RECORD SET |
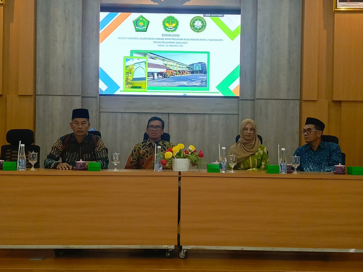 Setelah sesi studium generale, kegiatan dilanjutkan dengan Sosialisasi Seleksi Nasional Berbasis Madrasah Negeri (SNMB) MAN PK MAN 1 Yogyakarta, sebagai bagian dari upaya penguatan layanan pendidikan dan rekrutmen murid unggulan madrasah. (dee)
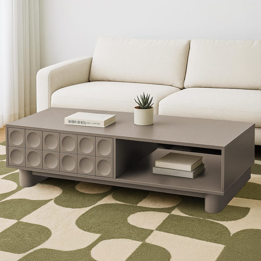 Entdecken Sie den Couchtisch OCTAVE, der modernes Design mit hoher Funktionalität harmonisch verbindet. Mit seinen Maßen L120 x B60 x H38,5 cm passt er perfekt in Ihr Wohnzimmer und bietet gleichzeitig praktischen Platz für Ihre Alltagsgegenstände. Dieses Möbelstück ist für eine maximale Belastung von 50 kg ausgelegt und eignet sich daher ideal zur Aufbewahrung Ihrer Bücher, Zeitschriften oder Dekorationsartikel. Die integrierte Schublade erleichtert die Aufbewahrung von Fernbedienungen und anderen kleinen Accessoires, während das Push-to-Open-System für eine klare Ästhetik ohne sichtbare Griffe sorgt. Hergestellt aus melaminbeschichtetem MDF, ist dieser Tisch langlebig und pflegeleicht. Hergestellt aus Eukalyptusholz, stellt es eine umweltfreundliche Option dar.Verwandeln Sie Ihr Interieur mit dem Couchtisch OCTAVE: ein Möbelstück, das Eleganz, Komfort und Funktionalität vereint und Ihren Alltag bereichert.Eigenschaften: Anzahl der Schubladen: 1 Schublade Maximale Belastung: 50 kg Maximale Belastung der Regale: 8 kg pro Ebene Öffnungssystem: Drucksystem Inneres der Schublade: L55 x B31 x H15 cm Offenes Fach: L60 x T20 x H20 cmMaße: Höhe: 38,5 cm; Breite: 60 cm; Länge: 120 cm; Gewicht: 25 kg.
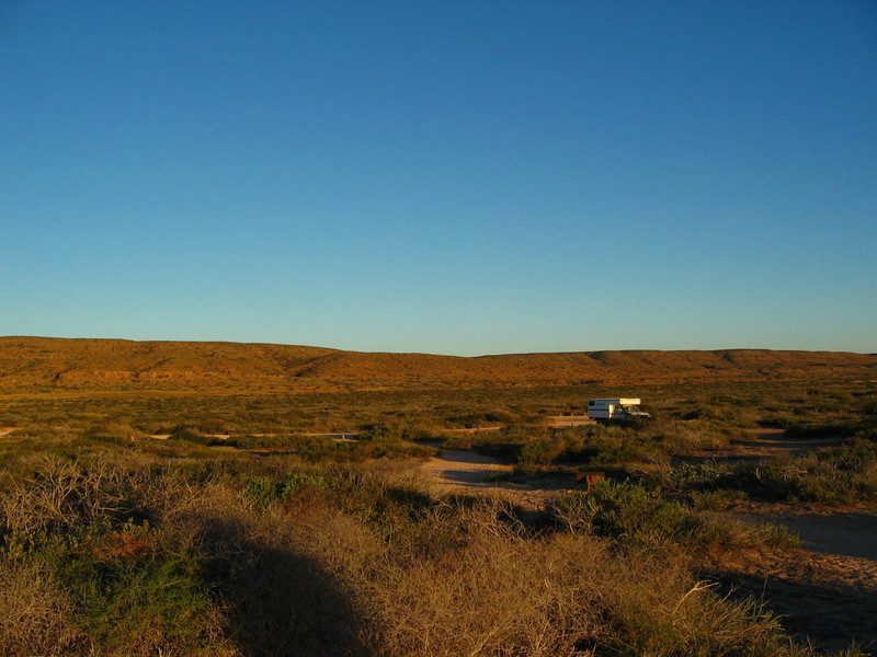 Gerade zum Sonnenuntergang (18.00h) schaffen wir es auf unserer Campsite zu sein und müssen feststellen, dass die im Dunkeln gar nicht so schlecht ist. Bei Vollmond gibt’s Encheladas und wir sitzen noch bis 21.00h draußen. Die Nachbarn lachen sich derweil über Paul Panzer kaputt (das haben die aber bereits in Monkey Mia gemacht) und das Känguru, das bereits in der Dämmerung den Platz unsicher gemacht hat, ist in der Nacht zurück und erforscht (scheppernd) die Küchenutensilien der Nachbarn J
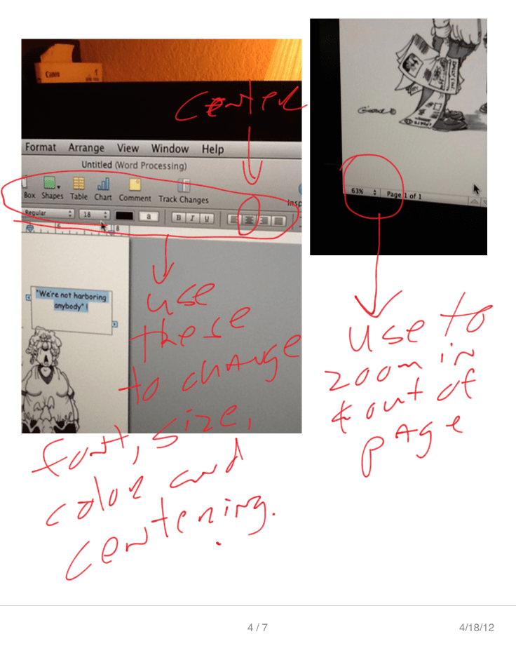 Today’s notes were created for a cartoonist who has a Mac and has already learned how to scan in his cartoons (via my tutelage months ago), but now he wanted to learn how to add his captions using the computer. The goal was to get it done with as few steps as possible and with his existing software. We used Apple Pages and Preview to get the job done.
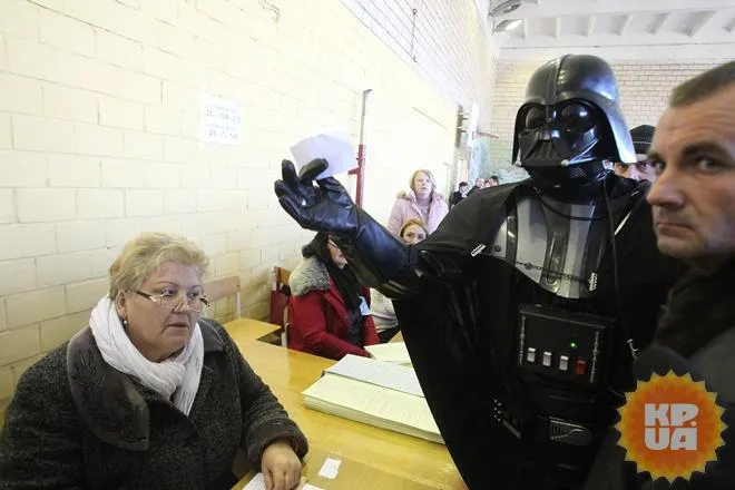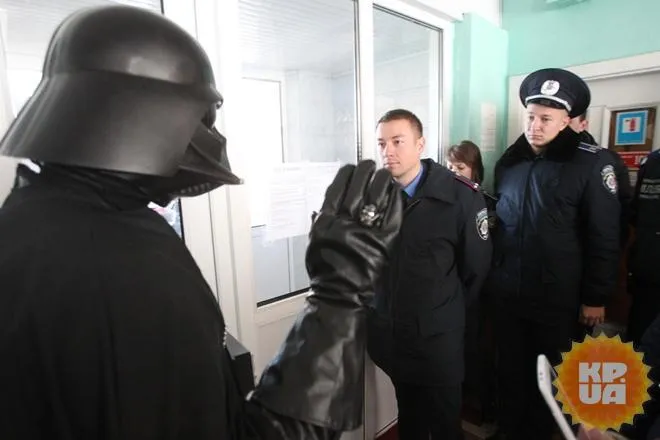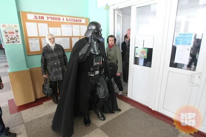 Видання зазначає, що Вейдер, лідер Інтернет-партії України, під'їхав до школи № 256 у Києві на своєму дартмобілі під звуки страхітливого імперського маршу.
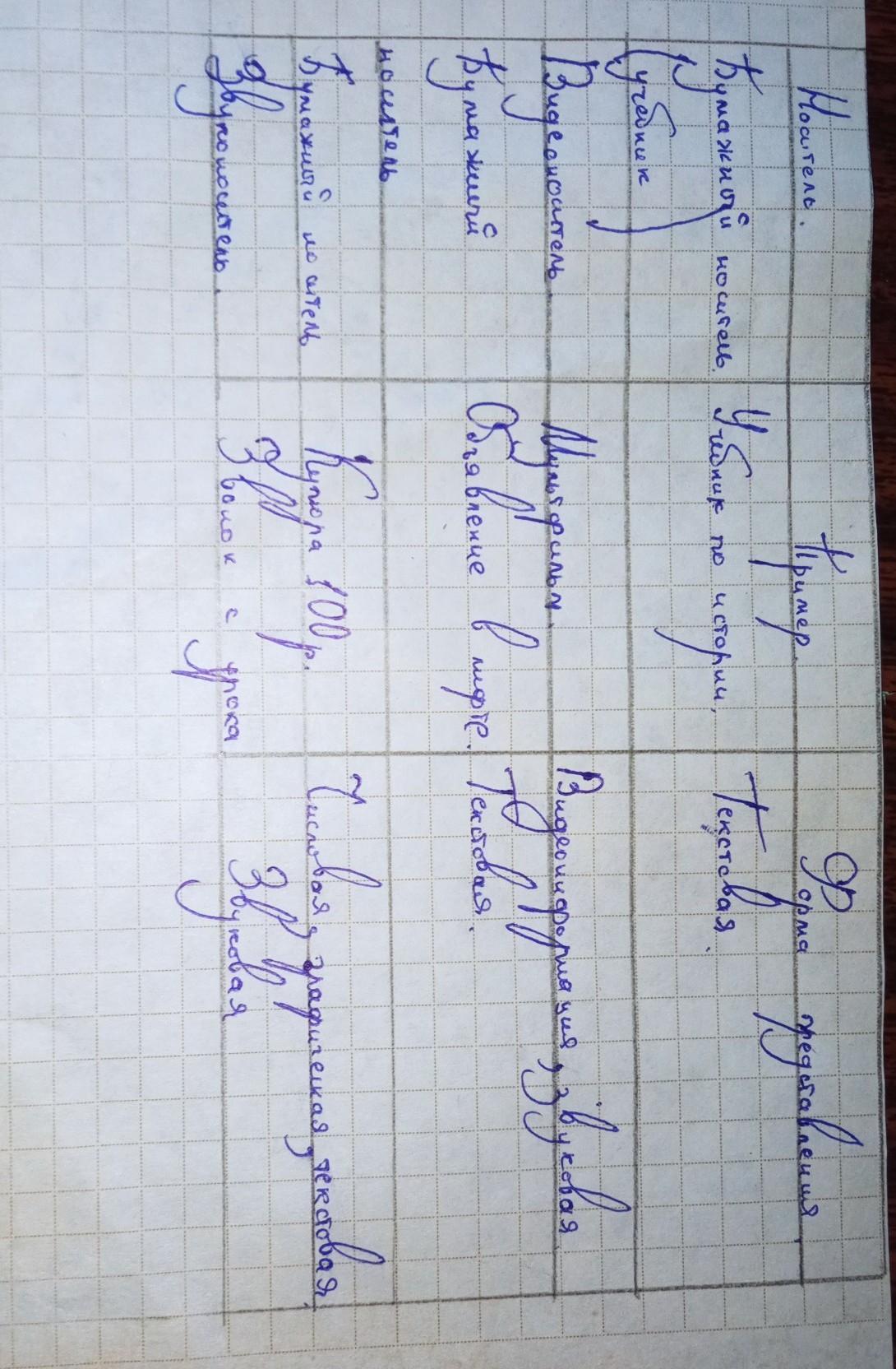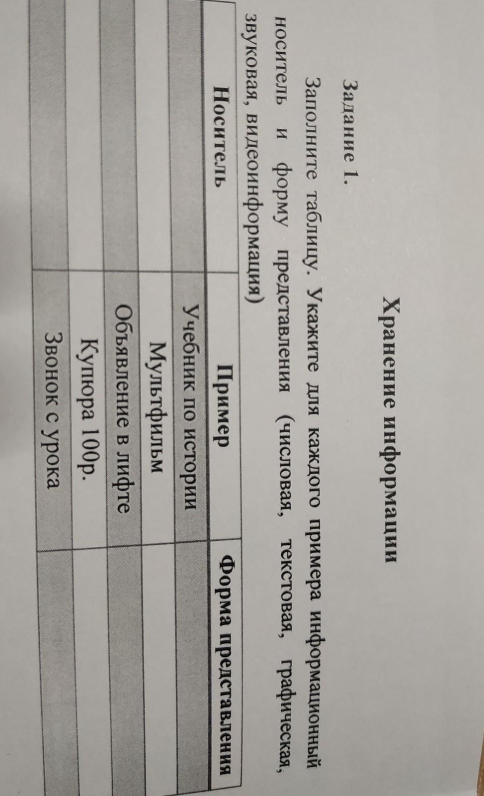 Хранение информации Задание 1. носитель Заполните таблицу. Укажите для каждого примера информационный и форму представления (числовая, текстовая, графическая, звуковая, видеоинформация) Носитель Пример Форма представления Учебник по истории Мультфильм Объявление в лифте Купюра 100р. Звонок с урока
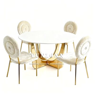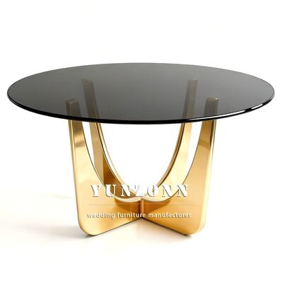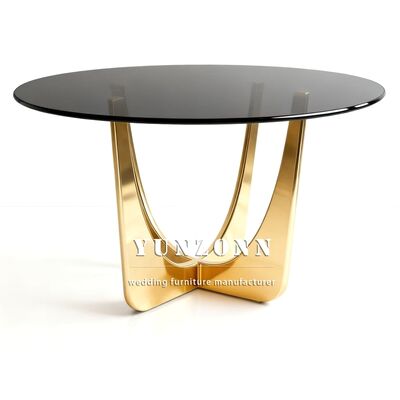 | পণ্যের নামঃ | বিলাসবহুল গোলাকার স্টেইনলেস স্টীল বিবাহের টেবিল ইভেন্ট ডিজাইন গোল্ড গ্লাস শীর্ষ ডাইনিং টেবিল |
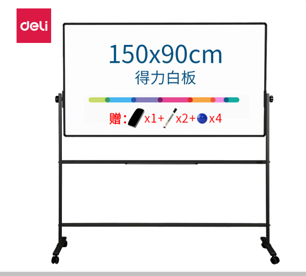 • 得力(deli)支架式白板180*90cmH型架可移动可翻转白板双面磁性办公会议写字板
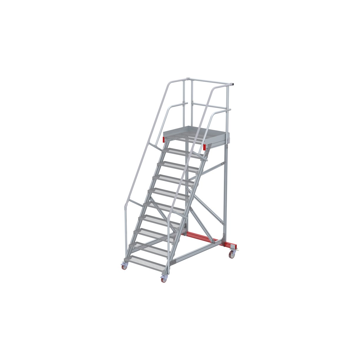 Wartungsbühne 60° mit 10 Stufen 1000 mm breiteuroline – der sichere AufstiegMobile – Wartungsbühnen als sicheres und flexibles Arbeitsmittel. Geeignet für Arbeiten an großen Maschinen, Containern, Nutzfahrzeugen oder Regalen. Durch die leichtgängigen Lenkrollen können die Wartungsbühnen flexibel und einfach an verschiedene Einsatzorte transportiert werden.Diese Wartungsbühnen sind in der Standardausführung für unterschiedliche örtliche Gegebenheiten in zahlreichen Ausführungen verfügbar, welche Sie in unseren Empfehlungen verlinkt finden. Die hervorragend verarbeitete Steigtechnik Produktserie mit wählbaren Steigungswinkeln (45° für einen bequemen Aufstieg, 60° für beengte Platzverhältnisse) verschiedene Höhen und 3 Standard Stufenbreiten (600 mm, 800 mm, 1000 mm), vereinen Sicherheit und Flexibilität. Als Standard – Stufenausführungen haben Sie die Wahl zwischen Stufen in Alu-gerieft…
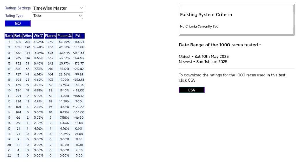 From the 10th May to 1st June there were 278 (27.39%) top ranked winners and 190 (18.68) 2nd ranked winners.That’s 468 (46.07%) of all winners were ranked in the top two 🏇⤵️👇
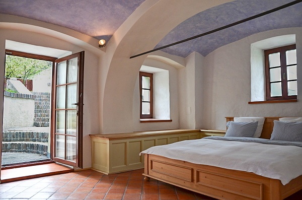 Z ložnice se dostanete francouzskými dveřmi do zahrady.
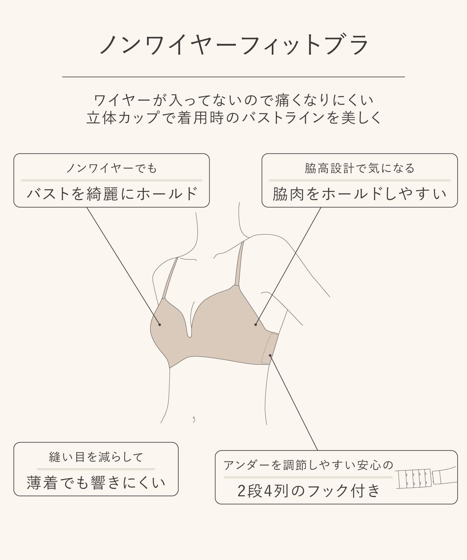 ●ノンワイヤーで痛くなりにくく、やさしい着け心地です。
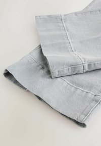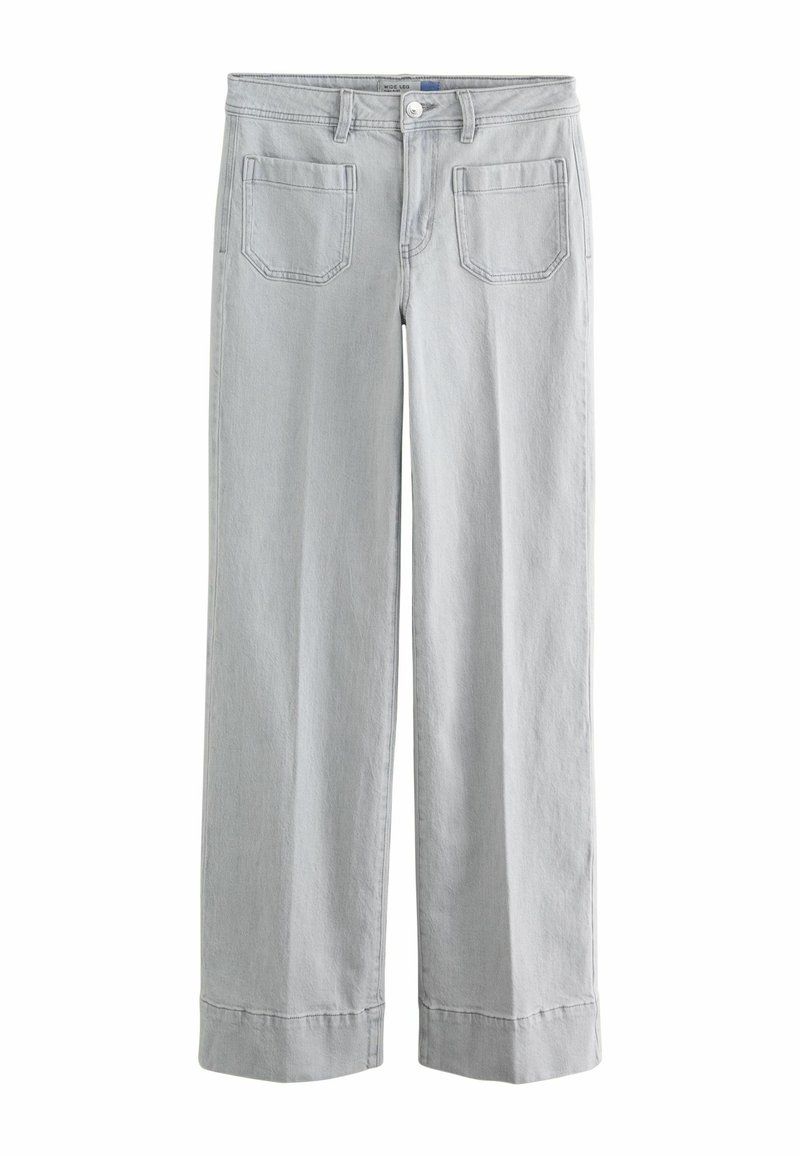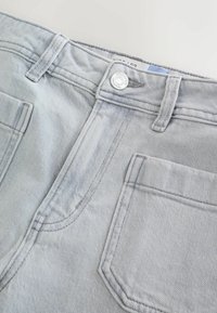 Jean gris clair à jambes larges avec poches plaquées avant, passants de ceinture, fermeture par bouton et ourlets retroussés.
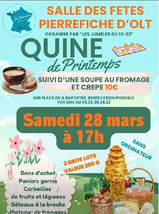 Samedi 28 mars, quine à Pierrefiche à 17h !
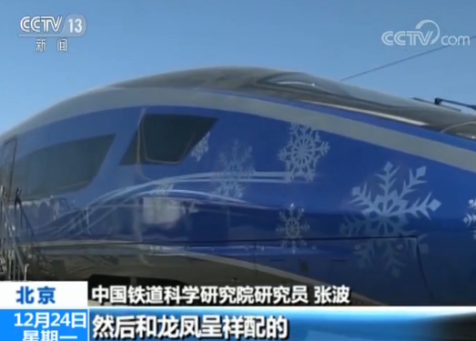 中国铁道科学研究院研究员 张波:我们综合考虑中国元素和奥运元素,设计了两款图形,一款叫瑞雪迎春,蓝底有雪花的图案。另一款涂装叫龙凤呈祥,这两个图形略有区别。瑞雪迎春配的图形是相对于旗鱼的造型,龙凤呈祥配的是叫鹰隼的造型。
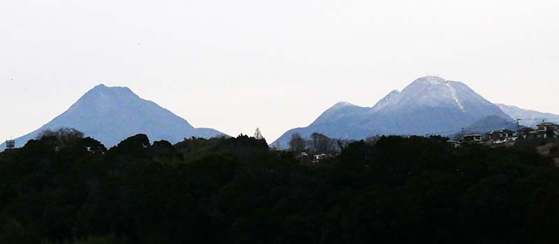 左の由布岳に雪が少なく、右の鶴見岳に雪が多い貴重な写真
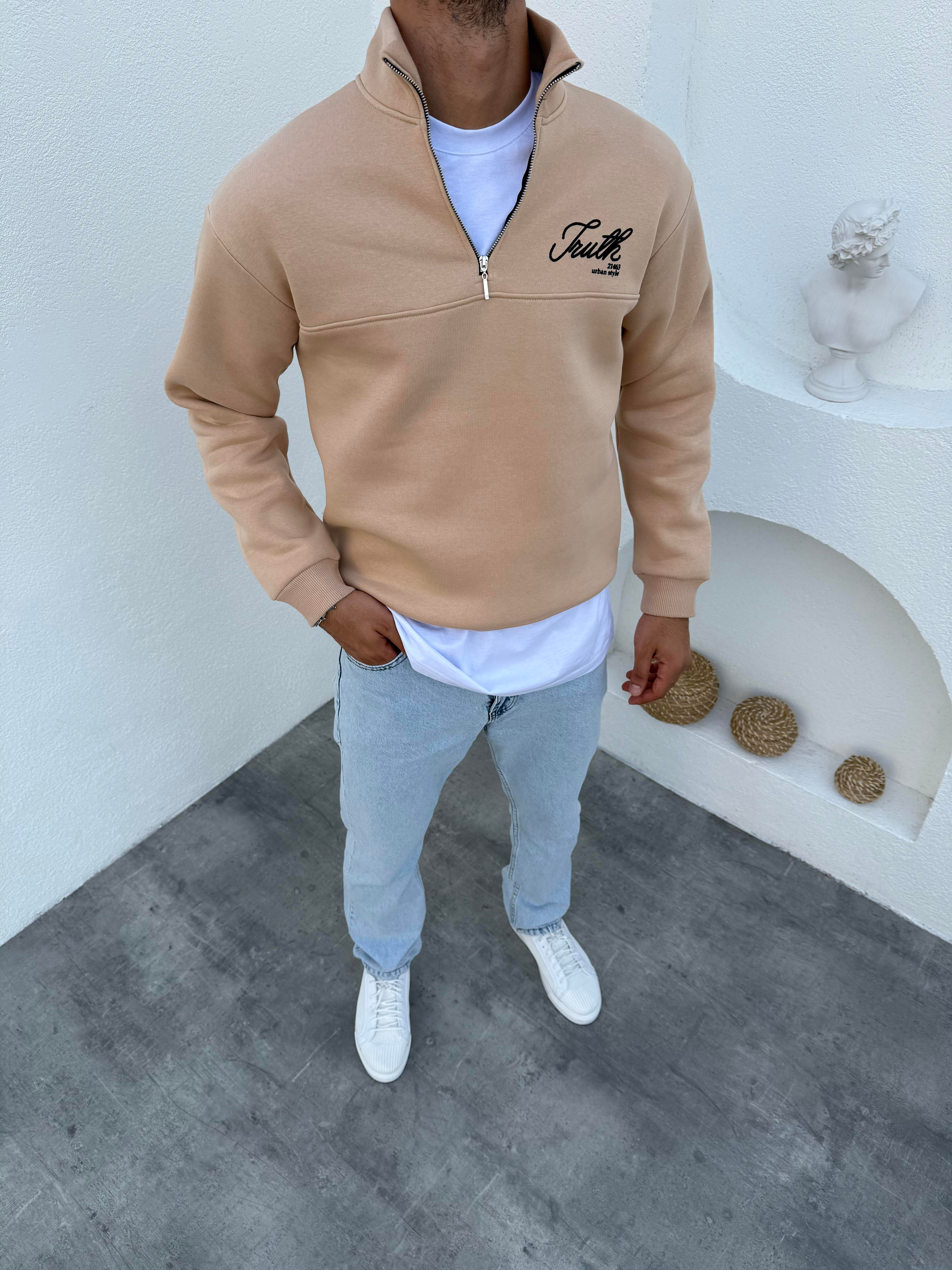 3 İplik Şardonlu Dik Yaka Sweatshirt Bej

WHAT IS EXPECTED | Could you print all of the entries exactly, skipping the images?

ANSWER FOR THE TASK |
 Setelah sesi studium generale, kegiatan dilanjutkan dengan Sosialisasi Seleksi Nasional Berbasis Madrasah Negeri (SNMB) MAN PK MAN 1 Yogyakarta, sebagai bagian dari upaya penguatan layanan pendidikan dan rekrutmen murid unggulan madrasah. (dee)
 Entdecken Sie den Couchtisch OCTAVE, der modernes Design mit hoher Funktionalität harmonisch verbindet. Mit seinen Maßen L120 x B60 x H38,5 cm passt er perfekt in Ihr Wohnzimmer und bietet gleichzeitig praktischen Platz für Ihre Alltagsgegenstände. Dieses Möbelstück ist für eine maximale Belastung von 50 kg ausgelegt und eignet sich daher ideal zur Aufbewahrung Ihrer Bücher, Zeitschriften oder Dekorationsartikel. Die integrierte Schublade erleichtert die Aufbewahrung von Fernbedienungen und anderen kleinen Accessoires, während das Push-to-Open-System für eine klare Ästhetik ohne sichtbare Griffe sorgt. Hergestellt aus melaminbeschichtetem MDF, ist dieser Tisch langlebig und pflegeleicht. Hergestellt aus Eukalyptusholz, stellt es eine umweltfreundliche Option dar.Verwandeln Sie Ihr Interieur mit dem Couchtisch OCTAVE: ein Möbelstück, das Eleganz, Komfort und Funktionalität vereint und Ihren Alltag bereichert.Eigenschaften: Anzahl der Schubladen: 1 Schublade Maximale Belastung: 50 kg Maximale Belastung der Regale: 8 kg pro Ebene Öffnungssystem: Drucksystem Inneres der Schublade: L55 x B31 x H15 cm Offenes Fach: L60 x T20 x H20 cmMaße: Höhe: 38,5 cm; Breite: 60 cm; Länge: 120 cm; Gewicht: 25 kg.
 Gerade zum Sonnenuntergang (18.00h) schaffen wir es auf unserer Campsite zu sein und müssen feststellen, dass die im Dunkeln gar nicht so schlecht ist. Bei Vollmond gibt’s Encheladas und wir sitzen noch bis 21.00h draußen. Die Nachbarn lachen sich derweil über Paul Panzer kaputt (das haben die aber bereits in Monkey Mia gemacht) und das Känguru, das bereits in der Dämmerung den Platz unsicher gemacht hat, ist in der Nacht zurück und erforscht (scheppernd) die Küchenutensilien der Nachbarn J
 Today’s notes were created for a cartoonist who has a Mac and has already learned how to scan in his cartoons (via my tutelage months ago), but now he wanted to learn how to add his captions using the computer. The goal was to get it done with as few steps as possible and with his existing software. We used Apple Pages and Preview to get the job done.
 Видання зазначає, що Вейдер, лідер Інтернет-партії України, під'їхав до школи № 256 у Києві на своєму дартмобілі під звуки страхітливого імперського маршу.
 Хранение информации Задание 1. носитель Заполните таблицу. Укажите для каждого примера информационный и форму представления (числовая, текстовая, графическая, звуковая, видеоинформация) Носитель Пример Форма представления Учебник по истории Мультфильм Объявление в лифте Купюра 100р. Звонок с урока
 | পণ্যের নামঃ | বিলাসবহুল গোলাকার স্টেইনলেস স্টীল বিবাহের টেবিল ইভেন্ট ডিজাইন গোল্ড গ্লাস শীর্ষ ডাইনিং টেবিল |
 • 得力(deli)支架式白板180*90cmH型架可移动可翻转白板双面磁性办公会议写字板
 Wartungsbühne 60° mit 10 Stufen 1000 mm breiteuroline – der sichere AufstiegMobile – Wartungsbühnen als sicheres und flexibles Arbeitsmittel. Geeignet für Arbeiten an großen Maschinen, Containern, Nutzfahrzeugen oder Regalen. Durch die leichtgängigen Lenkrollen können die Wartungsbühnen flexibel und einfach an verschiedene Einsatzorte transportiert werden.Diese Wartungsbühnen sind in der Standardausführung für unterschiedliche örtliche Gegebenheiten in zahlreichen Ausführungen verfügbar, welche Sie in unseren Empfehlungen verlinkt finden. Die hervorragend verarbeitete Steigtechnik Produktserie mit wählbaren Steigungswinkeln (45° für einen bequemen Aufstieg, 60° für beengte Platzverhältnisse) verschiedene Höhen und 3 Standard Stufenbreiten (600 mm, 800 mm, 1000 mm), vereinen Sicherheit und Flexibilität. Als Standard – Stufenausführungen haben Sie die Wahl zwischen Stufen in Alu-gerieft…
 From the 10th May to 1st June there were 278 (27.39%) top ranked winners and 190 (18.68) 2nd ranked winners.That’s 468 (46.07%) of all winners were ranked in the top two 🏇⤵️👇
 Z ložnice se dostanete francouzskými dveřmi do zahrady.
 ●ノンワイヤーで痛くなりにくく、やさしい着け心地です。
 Jean gris clair à jambes larges avec poches plaquées avant, passants de ceinture, fermeture par bouton et ourlets retroussés.
 Samedi 28 mars, quine à Pierrefiche à 17h !
 中国铁道科学研究院研究员 张波:我们综合考虑中国元素和奥运元素,设计了两款图形,一款叫瑞雪迎春,蓝底有雪花的图案。另一款涂装叫龙凤呈祥,这两个图形略有区别。瑞雪迎春配的图形是相对于旗鱼的造型,龙凤呈祥配的是叫鹰隼的造型。
 左の由布岳に雪が少なく、右の鶴見岳に雪が多い貴重な写真
 3 İplik Şardonlu Dik Yaka Sweatshirt Bej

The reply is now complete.